> _TASK OBJECTIVE_: Copy out all lines of the records in which the word "with" appears.

> _RECORDS SUPPLIED_:
□ □ □

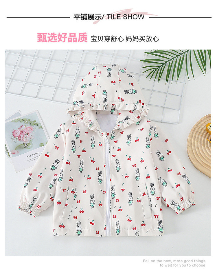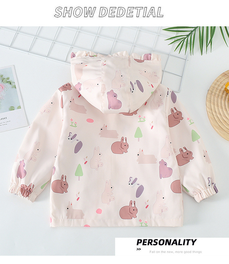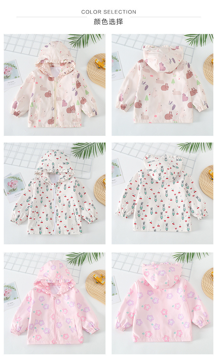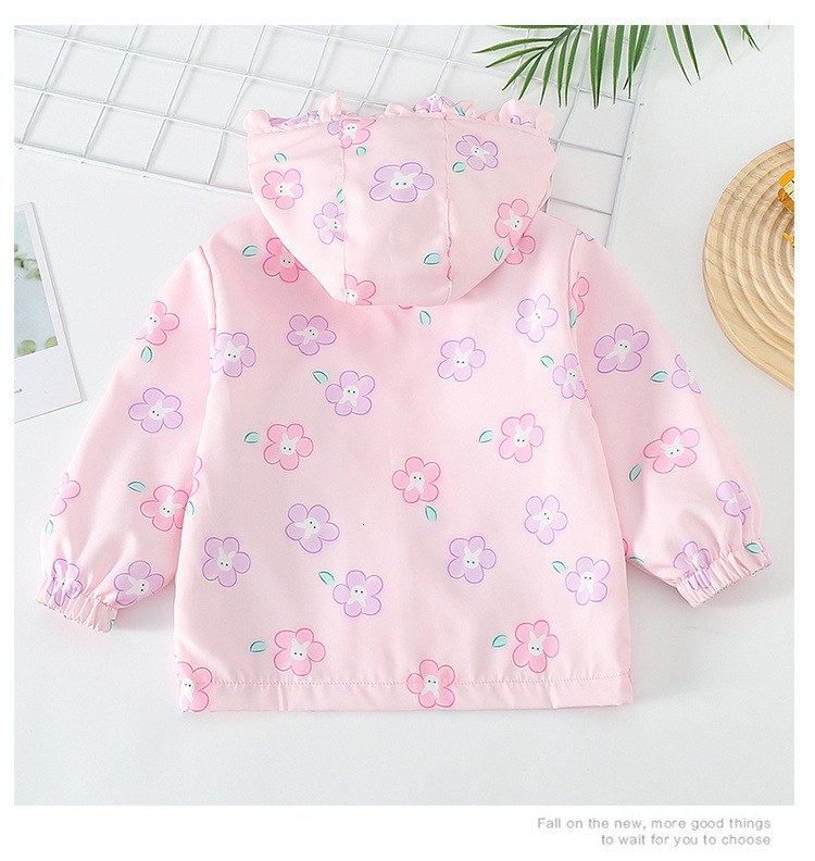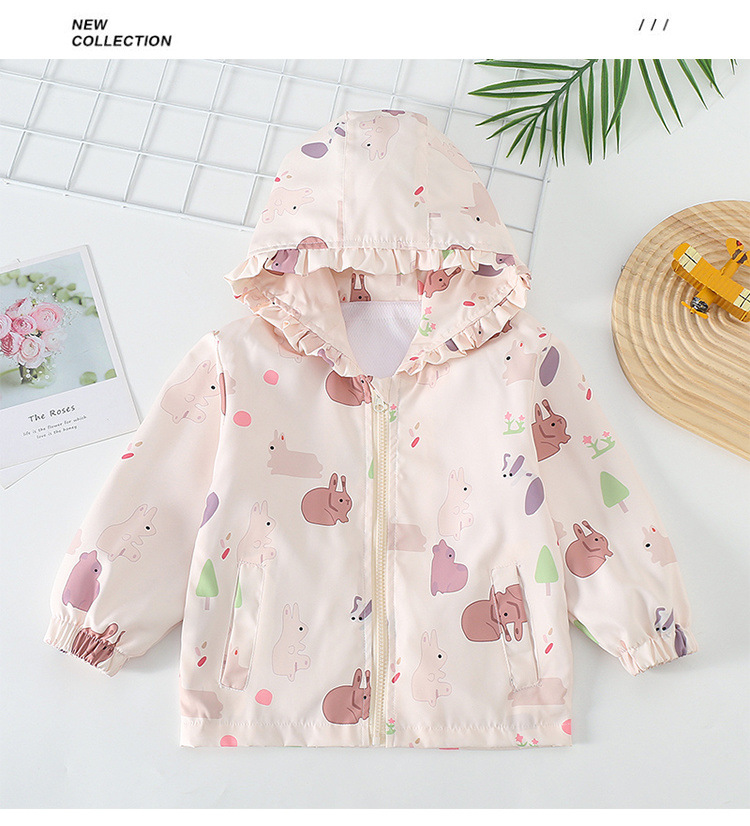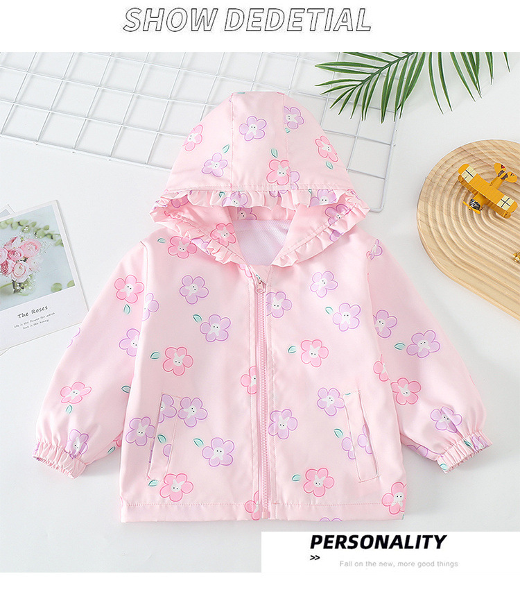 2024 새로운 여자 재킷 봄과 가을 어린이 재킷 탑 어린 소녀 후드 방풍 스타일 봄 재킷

□ □ □

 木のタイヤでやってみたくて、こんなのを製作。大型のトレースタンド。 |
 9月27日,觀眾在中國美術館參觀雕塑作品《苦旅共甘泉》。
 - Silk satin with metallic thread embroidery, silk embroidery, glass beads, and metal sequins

□ □ □

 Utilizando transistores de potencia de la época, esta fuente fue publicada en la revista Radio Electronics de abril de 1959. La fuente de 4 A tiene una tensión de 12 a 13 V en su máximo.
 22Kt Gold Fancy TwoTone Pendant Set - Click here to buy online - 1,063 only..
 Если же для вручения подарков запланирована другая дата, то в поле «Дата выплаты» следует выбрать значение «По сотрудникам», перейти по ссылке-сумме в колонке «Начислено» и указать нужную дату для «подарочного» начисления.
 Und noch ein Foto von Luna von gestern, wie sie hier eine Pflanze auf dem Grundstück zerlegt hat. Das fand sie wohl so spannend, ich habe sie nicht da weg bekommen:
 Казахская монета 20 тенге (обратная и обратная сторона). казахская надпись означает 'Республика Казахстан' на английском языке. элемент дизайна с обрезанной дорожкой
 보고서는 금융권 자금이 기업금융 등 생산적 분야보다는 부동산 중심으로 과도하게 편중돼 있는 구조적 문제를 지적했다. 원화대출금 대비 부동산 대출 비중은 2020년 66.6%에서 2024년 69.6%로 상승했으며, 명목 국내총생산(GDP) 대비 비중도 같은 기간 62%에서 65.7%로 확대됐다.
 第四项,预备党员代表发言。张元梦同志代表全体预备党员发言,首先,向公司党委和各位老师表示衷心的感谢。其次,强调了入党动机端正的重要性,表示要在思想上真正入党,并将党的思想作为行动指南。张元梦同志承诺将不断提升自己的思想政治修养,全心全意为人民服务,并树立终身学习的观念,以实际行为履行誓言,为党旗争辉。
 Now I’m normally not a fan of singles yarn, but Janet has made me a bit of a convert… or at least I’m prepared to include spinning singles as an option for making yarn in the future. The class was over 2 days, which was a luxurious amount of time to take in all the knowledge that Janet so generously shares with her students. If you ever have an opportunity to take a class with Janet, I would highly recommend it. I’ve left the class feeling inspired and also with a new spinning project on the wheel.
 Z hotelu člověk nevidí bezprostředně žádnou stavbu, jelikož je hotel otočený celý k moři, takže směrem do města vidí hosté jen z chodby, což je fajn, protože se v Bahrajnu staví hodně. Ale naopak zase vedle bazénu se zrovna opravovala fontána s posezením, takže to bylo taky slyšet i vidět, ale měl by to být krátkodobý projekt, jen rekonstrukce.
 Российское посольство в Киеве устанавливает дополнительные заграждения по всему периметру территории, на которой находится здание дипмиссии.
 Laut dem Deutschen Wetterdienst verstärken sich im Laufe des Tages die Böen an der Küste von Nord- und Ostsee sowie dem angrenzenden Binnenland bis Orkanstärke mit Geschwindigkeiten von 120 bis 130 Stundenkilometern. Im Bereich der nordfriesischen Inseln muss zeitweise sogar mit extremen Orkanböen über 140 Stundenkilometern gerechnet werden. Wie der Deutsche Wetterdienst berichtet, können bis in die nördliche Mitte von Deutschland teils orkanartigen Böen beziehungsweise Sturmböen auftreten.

□ □ □

> _RESPONSE AREA_:
 - Silk satin with metallic thread embroidery, silk embroidery, glass beads, and metal sequins
 Now I’m normally not a fan of singles yarn, but Janet has made me a bit of a convert… or at least I’m prepared to include spinning singles as an option for making yarn in the future. The class was over 2 days, which was a luxurious amount of time to take in all the knowledge that Janet so generously shares with her students. If you ever have an opportunity to take a class with Janet, I would highly recommend it. I’ve left the class feeling inspired and also with a new spinning project on the wheel.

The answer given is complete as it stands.